If you have a growth model that is two-part I can see predicting from the growth factors, but with a single variable I think you might just as well use a binary dummy predictor (even observed or not) - assuming that the DV has variation for each of those categories.
Thank you Prof. Muthen. Yes I did think about using growth curves for the multiple time points. However given than I have many variables that vary over time I am not sure how to go about it, as having too many parallel growth curves in the model may become complex.
Thank you Prof. Muthen. Let me try this out. Many thanks.
Lois Downey posted on Wednesday, February 15, 2017 - 9:28 am
I have a very elementary question related to hurdle and zero-inflated models.
I naively expected the coefficient for the binary part of these models to match the coefficient that would have been produced with a logistic regression model of an outcome in which the original values of 1 and above were recoded to 0, and the original value of 0 was recoded to 1. But that doesn't seem to be the case.
The discrepancy you see if because a zero-inflated model uses a mixture at y=0, that is, some people with y=0 are in the binary part of the model but some others are in the regular count part of the model including 0. See chapter 6 of our new book where different count models are compared.
Lois Downey posted on Wednesday, February 15, 2017 - 1:28 pm
And how about the hurdle model, where cases with y=0 can't be in the regular count part?

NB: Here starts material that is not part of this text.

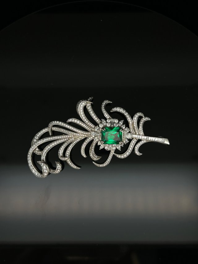 仿祖母綠羽毛形胸針吊墜

Is the discrepancy there caused by the fact that some people with y>0 are in the binary part, and others with y>0 are in the regular count part?
The hurdle model is a two-part model so I think there should not be a difference. If you like, you can send the two outputs to Support along with your license number.
anonymous Z posted on Tuesday, November 07, 2017 - 1:53 pm
Dear Drs. Muthen,
I am working on the syntax for a hurdle model. The User Guide gives the example of two-part model for continuous variable. I wondered how the syntax should be if the outcome variable is a count variable.
Below is my analysis with H_RISK being a count variable. How should I make changes to the syntax to reflect H_RISK being a count variable?
Thanks so much!
Title: HIV two part Data: FILE = OP_HIVriskbeh_LONG.dat; DATA TWOPART: NAMES = H_RISK; BINARY = binRisk; CONTINUOUS = contRisk;
VARIABLE: NAMES = ID time H_RISK H_BEH H_KNOW;
USEVARIABLES ARE ID time binRisk contRisk;
CATEGORICAL ARE binRisk;
MISSING = ALL (-999999);
cluster = ID; within = time;
Analysis: type = twolevel random;
MODEL: %within% S1| binRisk on time;
S2| contRisk on time;
binRisk with S1;
contRisk WITH S2;
binRisk with contRisk; binRisk with s2; contRisk with s1;
It says no dispersion but you may still need the hurdle part.
anonymous Z posted on Friday, November 10, 2017 - 5:48 pm
Dear Dr. Muthen,
Could you explain further? I assume that the reason to use the hurdle model is because the data are dispersed due to excess of zeros. If the data are not dispersed, is the hurdle model still necessary?
The negative binomial dispersion parameter is one more parameter than what the Poisson has. This handles a certain degree of overdispersion. But this is not the same as having a special model part for zeros like zero-inflated Poisson, zero-inflated negbin, or hurdle negbin. Zero-inflated adds a class of subjects at zero and hurdle also allows a special model part for zeros. Also, the zero class and the hurdle part can be regressed on its own covariates. In sum, negbin's dispersion parameter is different from hurdle modeling.